For instance, begin by downloading and preparing the Ubuntu Jammy image, which
will be used as the base read-only image:

```
wget https://cloud-images.ubuntu.com/jammy/current/jammy-server-cloudimg-amd64.img
qemu-img convert -p -f qcow2 -O raw jammy-server-cloudimg-amd64.img jammy.raw
```

Next, generate the file that will function as the writable layer for the block
device:

```
touch write-space
truncate -s 5G write-space
```

Next, reserve 1G of hugepages:

```
echo 512 | sudo tee /sys/kernel/mm/hugepages/hugepages-2048kB/nr_hugepages
```

Finally, start the app with the configuration provided in
`examples/spdk_conf.json`:

```
sudo build/bin/vhost_ubi --json examples/spdk_conf.json -S /var/tmp
```

What will happen is:
* An aio bdev called `aio0` will be created pointing to `write-space`.
* A ubi bdev called `ubi0` will be created, with base image `jammy.raw` and base
bdev `aio0`.
* A vhost-user-blk controller called `vhost.0` will be created, which will be
bound to the UNIX domain socket `/var/tmp/vhost.0`.

Now you can start a VM using the vhost disk:

```
sudo cloud-hypervisor \
...
--disk vhost_user=true,socket=/var/tmp/vhost.0,num_queues=4,queue_size=256 \
...
```

## JSON-RPC API

### bdev_ubi_create

Parameters:
* `name` (text, required): Name of the bdev to be created.
* `image_path` (text, required): Path to the image file.
* `base_bdev` (text, required): Name of base bdev.
* `stripe_size_kb` (integer, required): Stripe size in kibibytes.
* `no_sync` (boolean, optional): Ignore sync requests. Defaults to false.
* `copy_on_read` (boolean, optional): Fetch stripes for reads. Defaults to true.
* `directio` (boolean, optional): Use O_DIRECT when opening the image file.
Defaults to true;

**Note.** When creating the bdev for the first time, magic bits in the metadata
section of base image should be zeroed.
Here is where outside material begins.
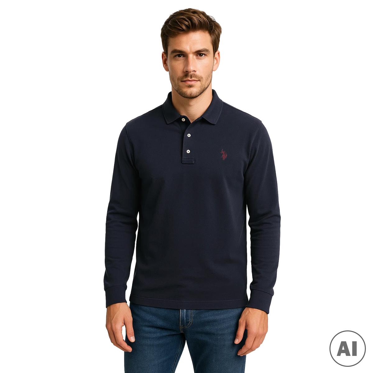 POLO, HOMBRE, MANGA LARGA, SOLO COLOR, LOGO BORDADO, CON BOTONES

For unencrypted base bdev, truncate
command in the previous section will take care of this. For encrypted base bdev,
`spdk_dd` can be used with parameters `--bs 512 --count 1 --if /dev/zero --ob
[ubi_bdev_name]`.

### bdev_ubi_delete

Parameters:
* `name` (text, required): Name of the bdev to be deleted.

## Internals

### Data Layout

First 8MB of base bdev is reserved for metadata. Metadata consists of:
* Magic bytes (9 bytes): `BDEV_UBI\0`
* Metadata version major (2 bytes)
* Metadata version minor (2 bytes)
* stripe_size_kb (1 byte)
* Stripe headers: 2 byte per stripes. Currently it specifies whether a stripe
has been fetched from image or not. 15-bits are reserved for future extension.
* Padding to make the total size 8MB.

Then at the 8MB offset the actual disk data starts.
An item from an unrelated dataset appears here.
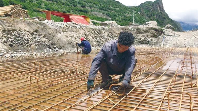 扎西達瓦正在工地上扎鋼筋。 圖由扎西達瓦提供

### Read/Write I/O operations

If the stripe containing the requested block range hasn't been fetched yet, then
a stripe fetch is enqueued. Once stripe has been fetched, the actual I/O
operation is served.

### Flush (aka sync)

* Data for the requested range is flushed to base bdev.
* Once data flush is finished, and if metadata has been modified in memory, then
metadata is first written and then flushed to base bdev.